> _Exercise_
An exact restatement of the entire listing is needed, excluding all images.

> _Input data_
##########

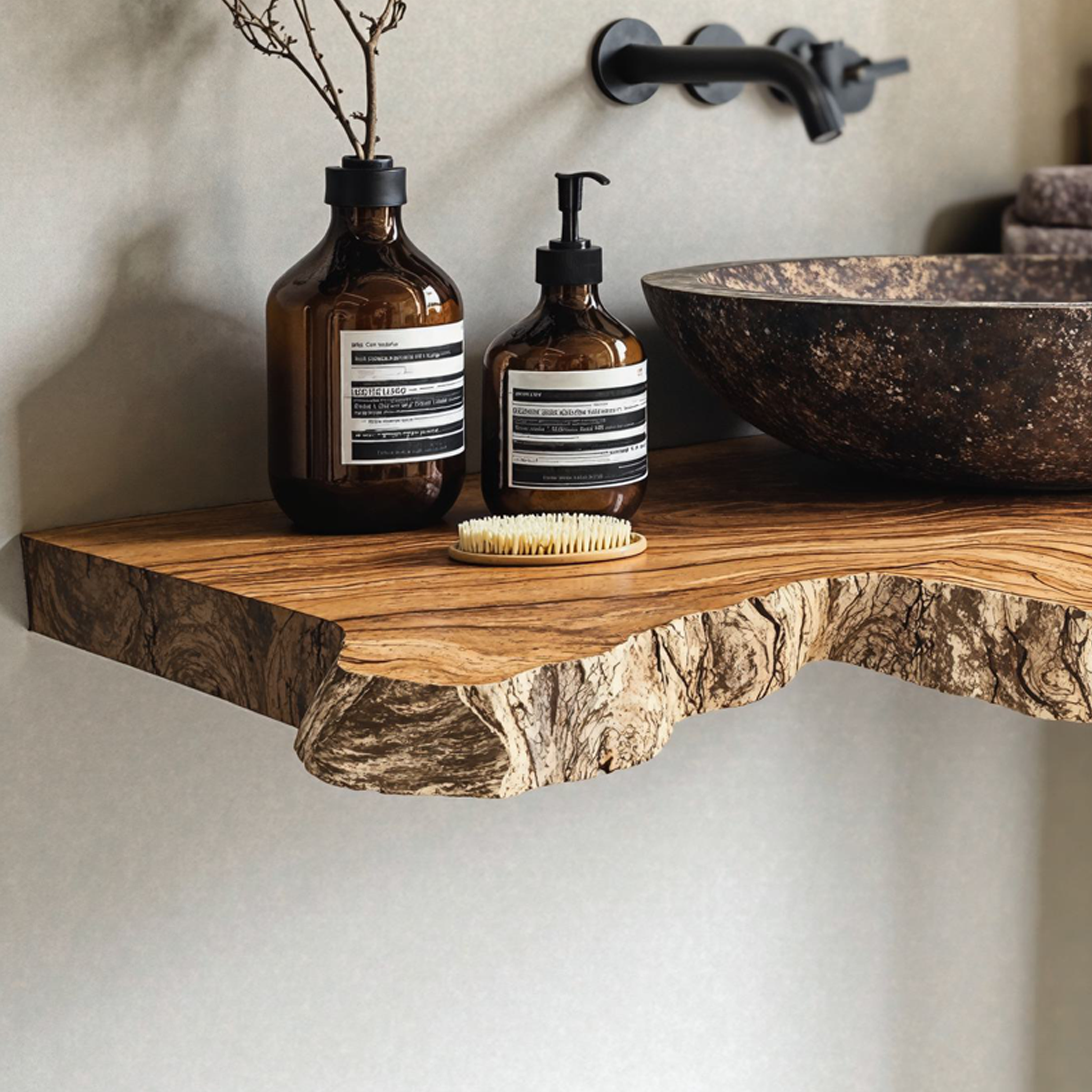 A bathroom vanity shelf blends natural elegance with practicality, bringing warmth and style to your bathroom while providing essential storage space.
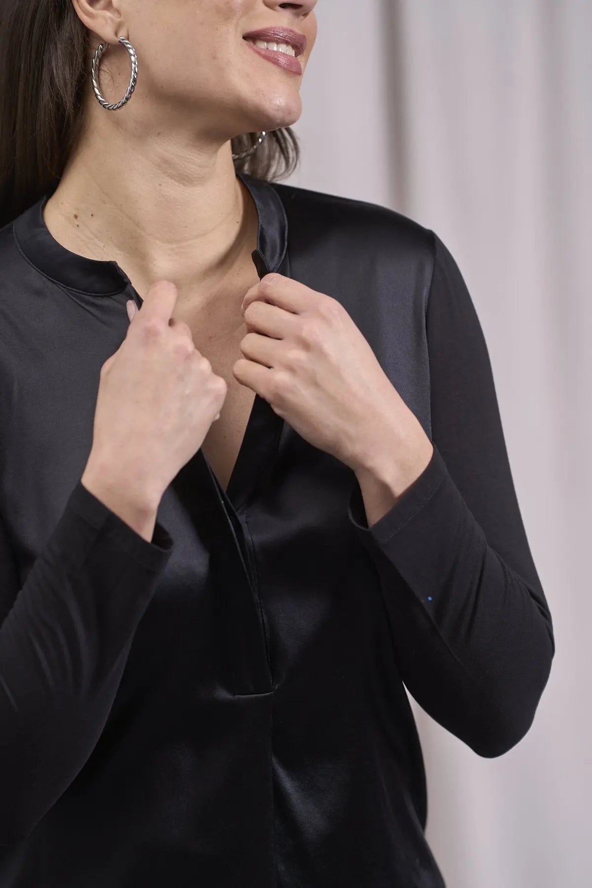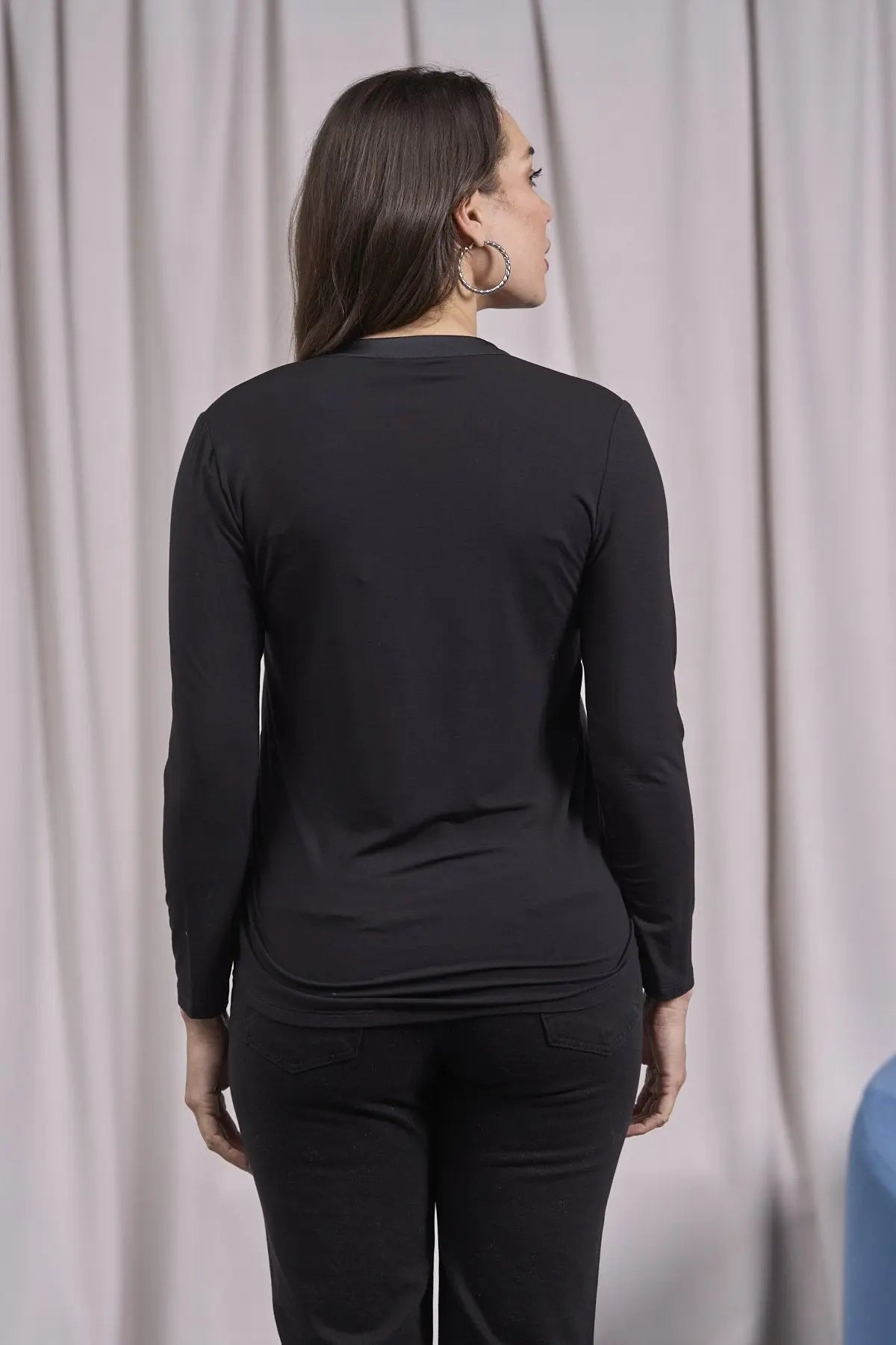 Suéter bimaterial con cuello ribeteado NEGRO
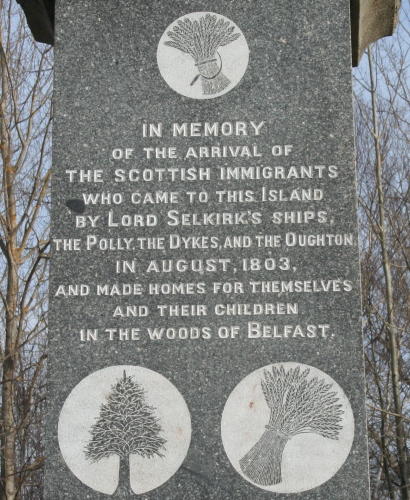 All the documents I had found, and the monument pictures above, started with the arrival of, what have become known as, Lord Selkirk’s Scottish settlers. The puzzling part was that in 1803 they landed at Belfast Cove, meaning the place was already called Belfast. This fact was repeated in everything I read; maybe the authors were using the name in a retrospective manner so as to make it easier for contemporary readers to understand the story and locate the site.
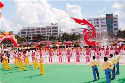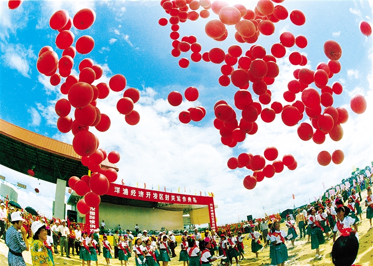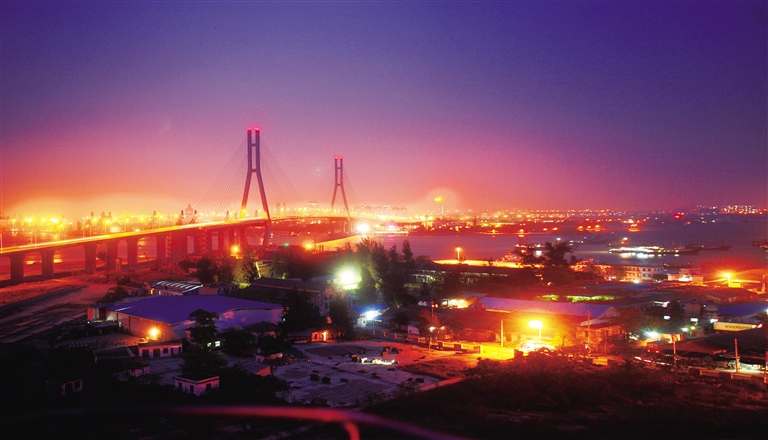 敢为人先:1989年,“洋浦风波”引发了“爱国”与“卖国”的争论,成片开发项目一度偃旗息鼓。1992年3月国务院正式批准设立洋浦经济开发区,1993年9月,洋浦经济开发区举行封关运作典礼。一幅《洋浦封关庆典》,把历经坎坷终成正果的愉悦情感通过浓烈、轻松、喜庆的画面宣泄出来了。如今洋浦已成为海南省重要的经济增长极和中国对外开放的重要窗口。一幅《洋浦跨海大桥夜景》,把洋浦的辉煌映照得一览无余。

##########

> _Answer box_
 A bathroom vanity shelf blends natural elegance with practicality, bringing warmth and style to your bathroom while providing essential storage space.
 Suéter bimaterial con cuello ribeteado NEGRO
 All the documents I had found, and the monument pictures above, started with the arrival of, what have become known as, Lord Selkirk’s Scottish settlers. The puzzling part was that in 1803 they landed at Belfast Cove, meaning the place was already called Belfast. This fact was repeated in everything I read; maybe the authors were using the name in a retrospective manner so as to make it easier for contemporary readers to understand the story and locate the site.
 敢为人先:1989年,“洋浦风波”引发了“爱国”与“卖国”的争论,成片开发项目一度偃旗息鼓。1992年3月国务院正式批准设立洋浦经济开发区,1993年9月,洋浦经济开发区举行封关运作典礼。一幅《洋浦封关庆典》,把历经坎坷终成正果的愉悦情感通过浓烈、轻松、喜庆的画面宣泄出来了。如今洋浦已成为海南省重要的经济增长极和中国对外开放的重要窗口。一幅《洋浦跨海大桥夜景》,把洋浦的辉煌映照得一览无余。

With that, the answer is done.